THE latest escalation in the trade war between the United States and China rattled global markets again yesterday, with Treasuries and the US dollar falling in a selloff of some US assets.
US stocks edged higher, however, led by gains in technology shares as investors weighed whether recent sharp selling may have been overdone, although trading remained choppy. US President Donald Trump’s 104 per cent tariffs on China came into effect yesterday, prompting a swift retaliation from Beijing in the form of duties of 84pc on US imports.
Benchmark 10-year US Treasury note yields jumped to a seven-week high on what appeared to be large liquidations of the debt, with trading volumes overnight totalling more than four times the average. Bond yields move opposite to prices.
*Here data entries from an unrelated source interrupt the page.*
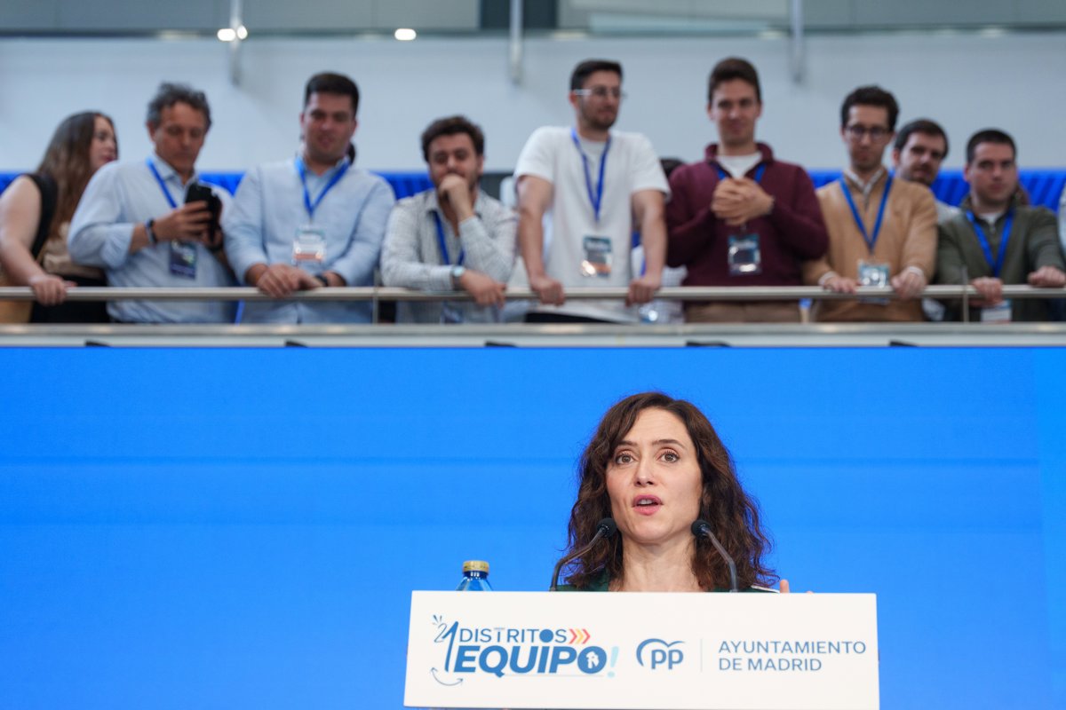 La presidenta de la Comunidad de Madrid y del PP de Madrid, Isabel Díaz Ayuso, durante su participación en la Jornada Entre Distritos del PP de Madrid, en los Viveros de Empresas de Carabanchel, a 25 de abril de 2026, en Madrid (España). - Matias Chiofalo - Europa Press
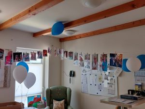 Alles wurde geschmückt, Bilder wurden aufgehängt, es wurde eine Fahrt mit dem Tagespflegebulli organisiert und ein selbstgemachtes Buffet gab es im Anschluss auch noch!
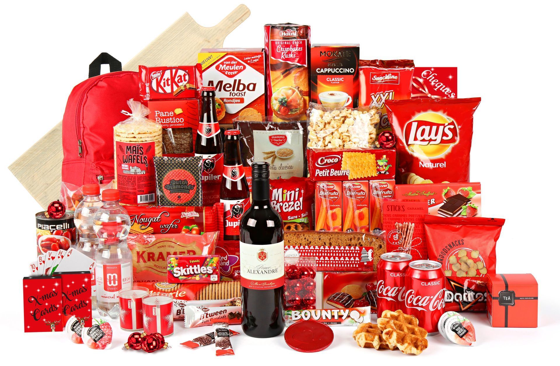 De houten hapjesplank van 70x20x3 cm vormt het hart van dit mooie kerstpakket. Daaromheen vind je een gevarieerde mix van kwaliteitsproducten: van Prince Alexandre rode wijn tot Jupiler bier, van KitKat chocolade tot artisanale stroopwafels. De bijgevoegde sparkle lights en glazen kerstballen zorgen voor extra kerstsfeer. De praktische rugzak maakt het pakket compleet voor uitstapjes.
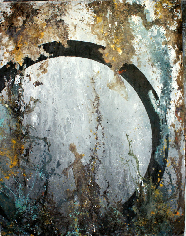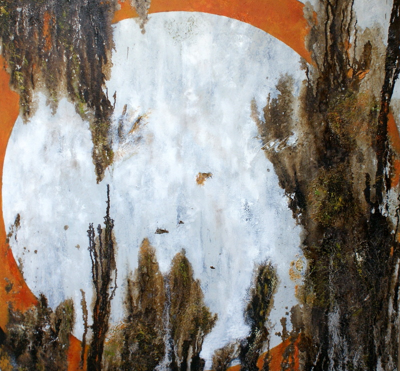 “Avec la série de peintures H²O j’aborde la question de la transmission, thème qui m’est très cher. Transmission familiale, transmission des savoirs, transmission écologique : qu’avons-nous reçu, que semons-nous, que laisserons-nous aux générations suivantes? Chacun de nous n’est qu’un maillon de la chaîne. Le cercle, omniprésent dans mon travail en est le symbole. Il est le lien entre le passé et le futur, il est l’oxygène, il est la vie et son éternel recommencement.”
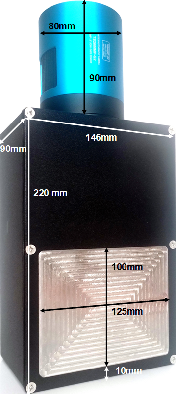 This large 1-CMOS Laue camera is designed to replace our old 2-CCD Laue camera. By using a larger APS-C 24x16mm CMOS detector instead of two 12.5x10mm CCDs, we increase the total detector area (efficiency) by over 50% allowing a slightly larger Field-Of-View (FOV) for similar exposure times (3-5 minutes). The efficiency is further improved by using a modern f/0.95 lens instead of a pair of f/1.4 lenses. The incident beam collimator (1mm/2mm) passes through a mirror and a scintillator in the centre of the camera, and the backscattered diffraction pattern is collected in real time for precise crystal orientation. This new camera with higher efficiency and simpler operation is also less expensive !The dimensions can be adjusted to order.
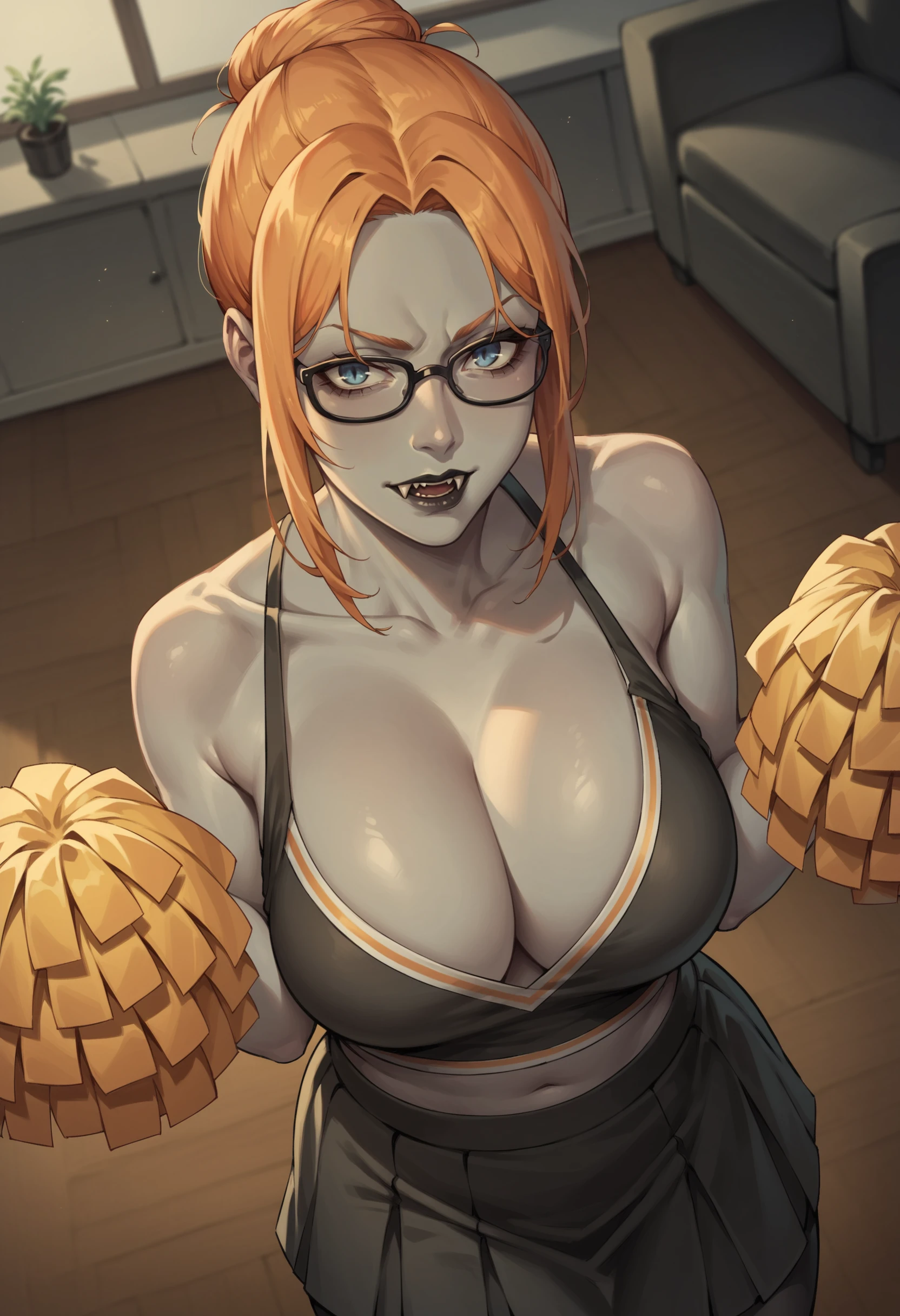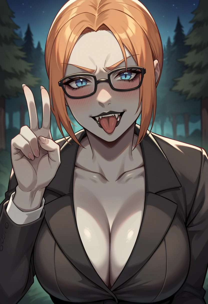 1girl, breasts, large breasts, cleavage, orange hair, blue eyes, black lips, small fangs
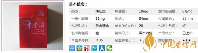 中南海祥和132價格表一覽 中南海系列難得的一款烤煙
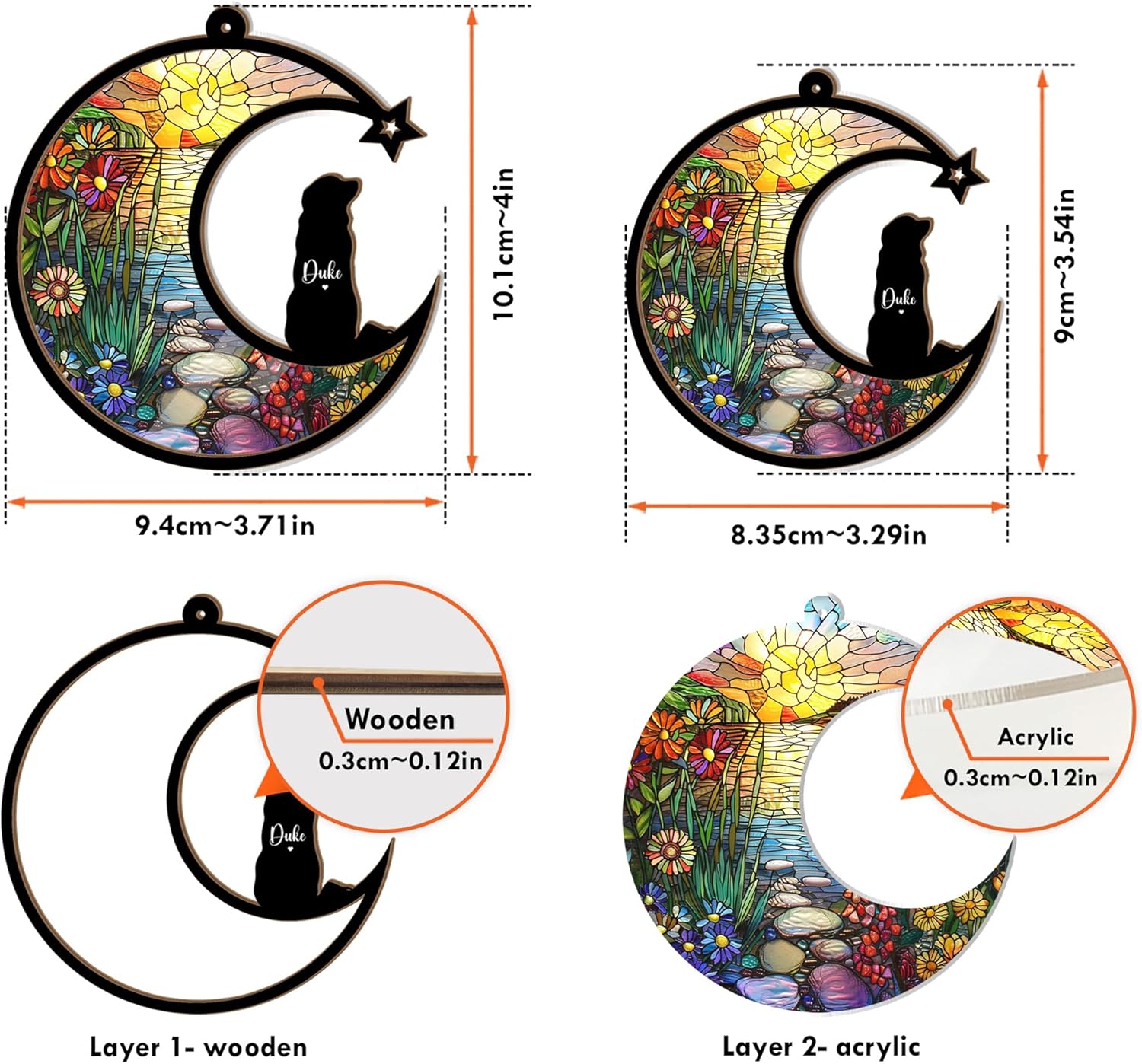 - VERSATILE DECOR & HEARTFELT TRIBUTE: This personalized pet memorial suncatcher is a beautifully crafted keepsake to honor the memory of your beloved dog or cat. With space to customize names and breeds for up to 3 pets, this unique piece serves as a touching reminder of the joy they brought. Perfect for a sunny window, it casts a warm glow reflecting the love shared. Thoughtfully designed as a sympathy gift, this suncatcher brings comfort and a heartfelt tribute to cherished companions.

An increase in yields during the Asian trading day increased fears that China may be offloading a large portion of its US bond holdings.
Demand for longer-dated debt is set to face a test with a $39 billion sale of 10-year notes yesterday afternoon and a $22bn auction of 30-year bonds today.
Many investors worry that Trump’s wide-ranging tariffs will be severe enough to trigger a recession and force the Federal Reserve into cutting interest rates.
The push out of Treasuries and the dollar – effectively the backbone of the global financial system – could be symptomatic of a broader loss in investor desire to hold US assets in general and “the end of an era,” according to Deutsche Bank head of foreign exchange research George Saravelos.